The SDI was created in 1983 by President Ronald Reagan. According to President Reagan himself, the initiative focused on strategic defense rather than the pre-existing strategic offense doctrine of Mutual Assured Destruction (MAD), of which Reagan was a vocal critic. To oversee the development of the defense project, the U.S. Department of Defense created the Strategic Defense Initiative Organization in 1984.

Popularly dubbed "The Star Wars Project" by the media, in reference to the popular 1977 science fiction movie trilogy by George Lucas, the ambitious initiative was widely criticized as being "unrealistic, even unscientific", as well as for "threatening to destabilize MAD and re-ignite 'an offensive arms race'". But no one outside of the government (and the military) knew the truth: it wasn't possible with the technologies that existed at the time.
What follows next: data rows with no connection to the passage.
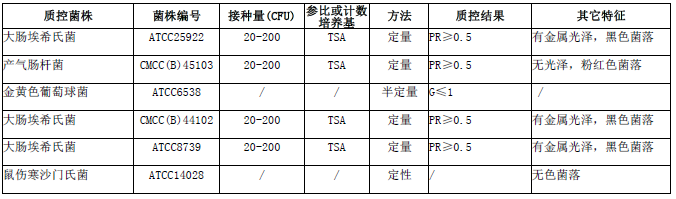 按标签用法制备培养基,接种以下质控菌株,放置36±1℃需氧培养18-24小时。
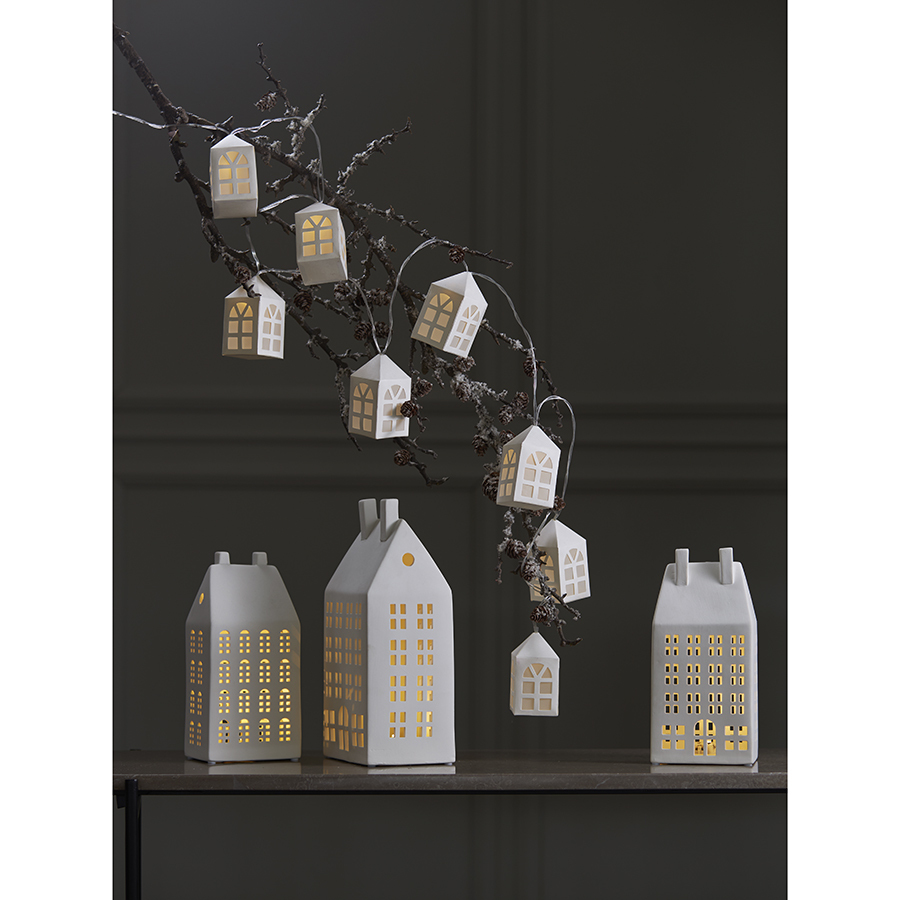 Домик из фарфора Aalborg из коллекции New Year Essential – не просто украшение, а символ волшебства, надежды и семейного благополучия. Разместите его на праздничном столе, полке или окне, и он сразу преобразит пространство, создав атмосферу тепла и уюта. Благодаря подсветке с мягким свечением такой декор идеально подойдет в качестве ночника и станет отличной альтернативой свечам. Изделие из фарфора отличается прочностью, долговечностью и привлекательным внешним видом. Аксессуар изготовлен с любовью, которую вы непременно почувствуете, как только откроете коробку. В комплекте 3 батарейки LR44.
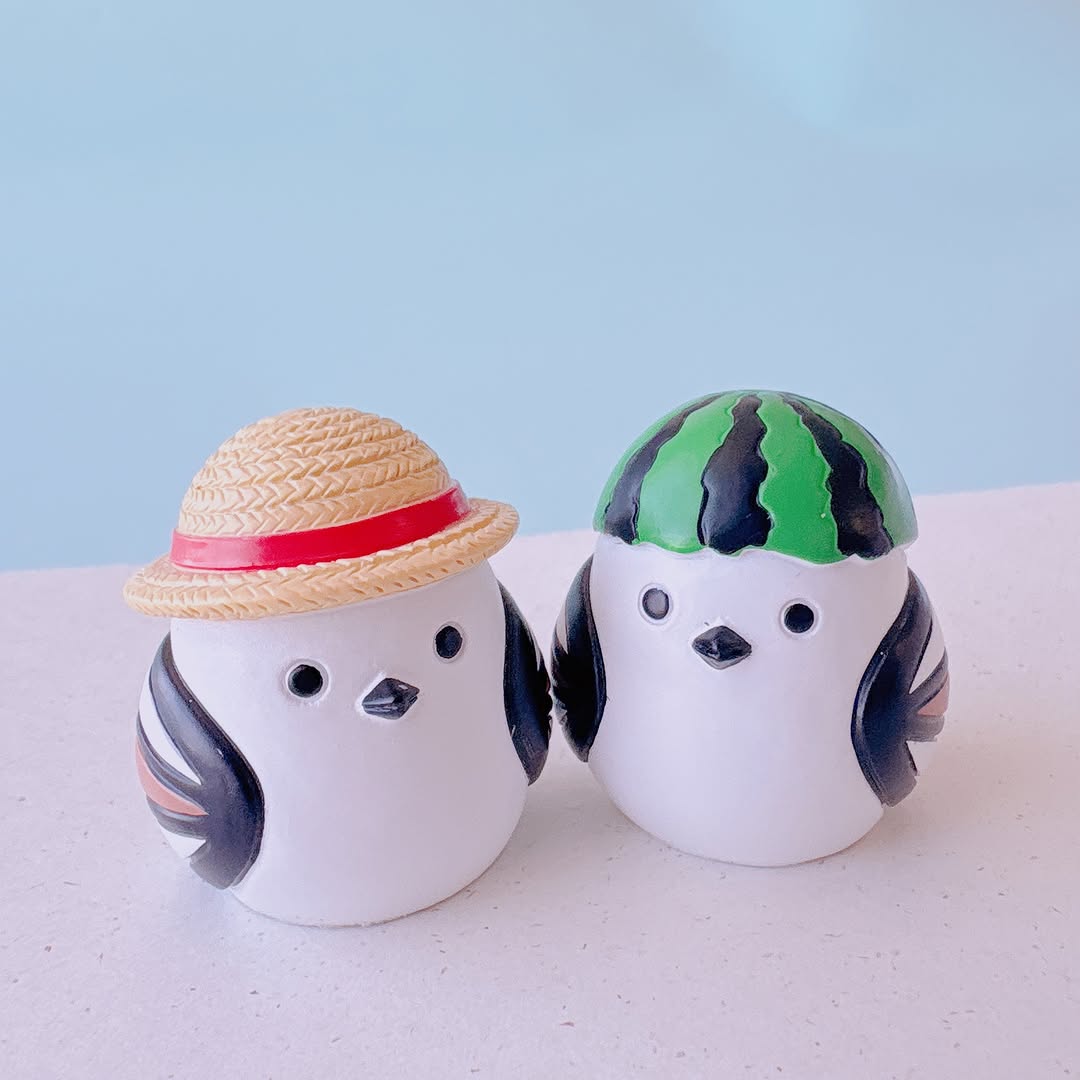 今回のラインナップは、夏の風物詩とシマエナガを組み合わせたミニサイズのインテリア雑貨。麦わら帽子やスイカ、かき氷、お祭りの提灯など、見ているだけで涼しげな気分になるデザインが特徴です。いずれもデスクや棚にちょこんと置けるサイズ感で、主張しすぎず季節感をプラスできます。
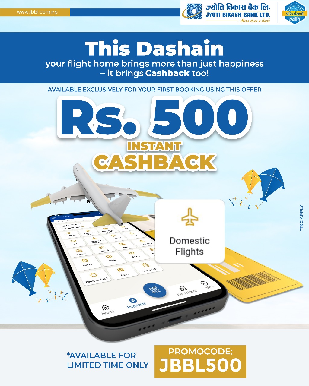 दशैंको अवसरमा हवाई टिकट खरिदमा ज्योति विकास बैंकको रु. ५ सय क्यासब्याक अफर
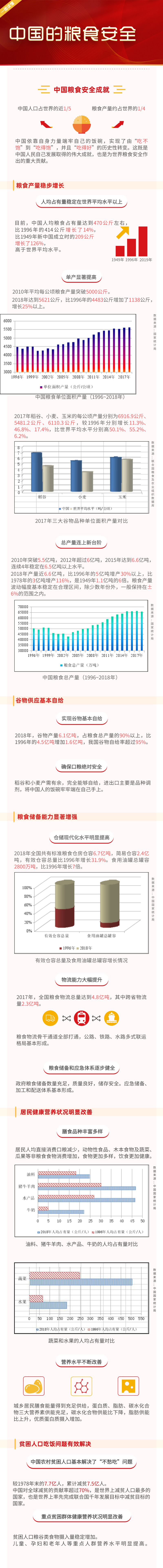 國務院新聞辦10月14日發表《中國的糧食安全》白皮書。白皮書約1.2萬字,分為前言、中國糧食安全成就、中國特色糧食安全之路、對外開放與國際合作、未來展望與政策主張、結束語等6部分。白皮書全面總結反映了我國糧食安全取得的歷史性成就,重點闡述了1996年特別是黨的十八大以來我國在保障糧食安全方面實施的一系列方針政策和舉措辦法,介紹了中國糧食對外開放和國際合作的原則立場,并提出了未來中國糧食問題的政策主張。
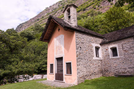 Church at Santa Petronilla waterfalls in Biasca, Cantone Ticino, Switzerland
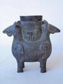 双羊尊筒形口,腹为双羊前躯相背状。羊角大弯曲,尊口下饰弦纹和龙面饕餮纹,较为罕见。羊颌下及腹下饰扉棱,象征须和腹部垂毛。饰龙面纹,腹饰鳞纹,腿饰龙纹。1860年“火烧圆明园”后被掠夺并流失海外。
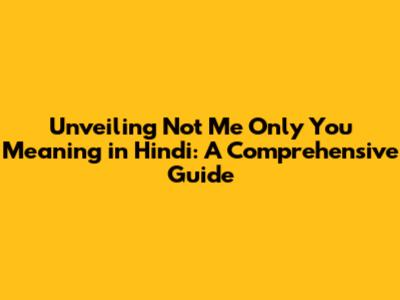 Unveiling 'Not Me Only You' Meaning In Hindi: A Comprehensive Guide
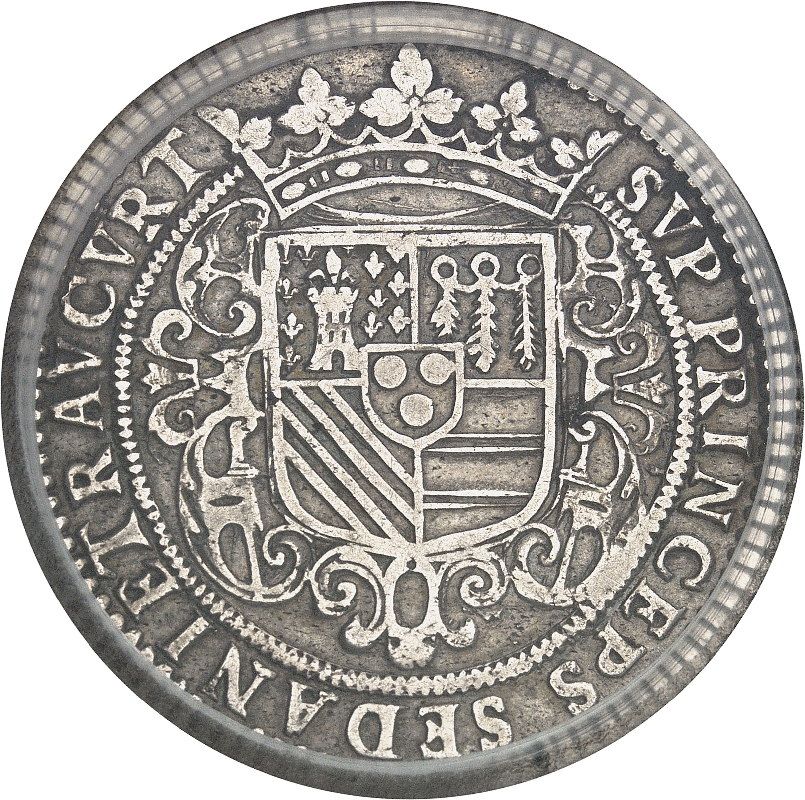 Rv. SVP PRINCEPS. SEDANI ET RAVCVRT. Écu orné de cuirs, sommé d'une couronne ducale, écartelé aux 1 de la Tour d'Auvergne, au 2 d'Auvergne, au 3 de Turenne et au 4 de Bouillon, sur le tout de Boulogne.
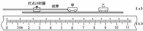 19.如图(a)所示,在水平轨道上停着甲、乙两辆实验用的小车。甲车系一穿过打点计时器的纸带。当甲车受到向右的冲量,随即启动打点计时器,计时器使用50Hz的低压电源,甲车运动一段距离后,与静止的乙车发生碰撞并连在一起运动。纸带记录下了碰前甲车和碰后两车运动情况如图(b)所示,不计轨道和空气对小车的阻力,由此可求出甲、乙两车的质量比m甲:m乙=___________。
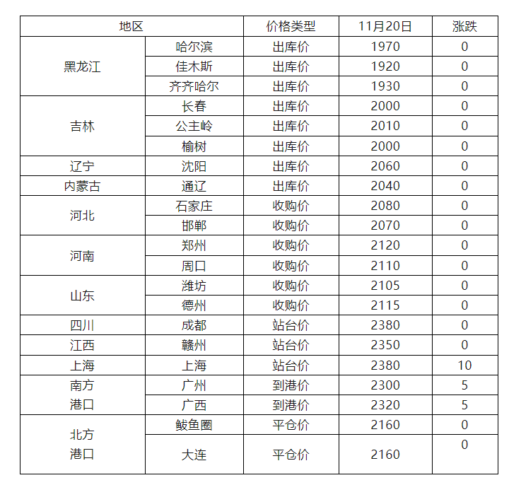 玉米价格最新行情报价(仅供参考): 山东潍坊盛泰药业:下调5厘,玉米收购价格1.057元/斤 山东潍坊健宝生物:下调5厘,玉米收购价格1.085元/斤 山东临沂鲁洲集团:下调5厘,现金收购价格1.071元/斤,循环玉米收购价格1.078元/斤。 河北宁晋玉锋集团:下调5厘-1分,一区玉米收购价格1.025元/斤,二四区玉米收购价格1.03元/斤。 河北衡水中粮生化:上调1分,玉米三等15.5水内收购价格1.035元/斤,15.5水以上收购价格1.025元/斤。 安徽宿州萧县金玉米:上调5厘,玉米收购价格1.12元/斤。 河南驻马店金玉锋:下调5厘,玉米收购价格1.125元/斤,带票1.13元/斤。 吉林中粮农安库:下调,玉米25水收购价格0.858元/斤,30水收购价格0.792元/斤,锦州港今早主流收购15水700容重2100元/斤,上调5-10元/斤/吨。 黑龙江大庆伊品:下调5厘,玉米三等14水收购价格0.975元/斤、30水收购价格0.7878元/斤。 黑龙江中储粮宾县直属库:下调5厘,玉米收购价格1.03元/斤。 新疆沂利泓生物:上调2毛,玉米650容重14水收购价格0.915元/斤。
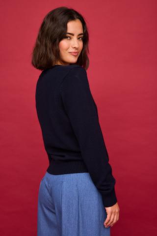 Un imprescindible de armario. El Jersey Cenicienta Marino combina con todo: desde faldas estampadas hasta vaqueros clásicos.
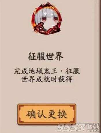 阴阳师征服世界头像框获取攻略: 完成地域鬼王-征服世界成就可获得征服世界头像框。 征服世界头像框为动态头像框,给角色装备上有动态效果。此外还有征服世界的印记。

Simply put, the project was a failure.

World War III[]

The SDI was briefly mentioned in a cutscene just for the U.S. mission Into the Mountains: "It soon became apparent that the Russians' next target was Fort Teller, which housed the Strategic Defense Initiative, or as the public popularly dubbed it: the Star Wars Project. What we knew - and they didn't - was that the project was a bust; that we had nothing to stop their nuclear missiles from striking our cities and military bases. We couldn't let them figure that out, so we moved east..."

Not risking the compromisation of the SDI's true nature which would have allowed the Soviets to bombard the US with nuclear warheads, the defending US forces focused all their efforts to defend Fort Teller and successfully warded off the Soviet attackers at the cost of sacrificing Cascade Falls and Captain Bannon's Company with an authorized nuclear strike.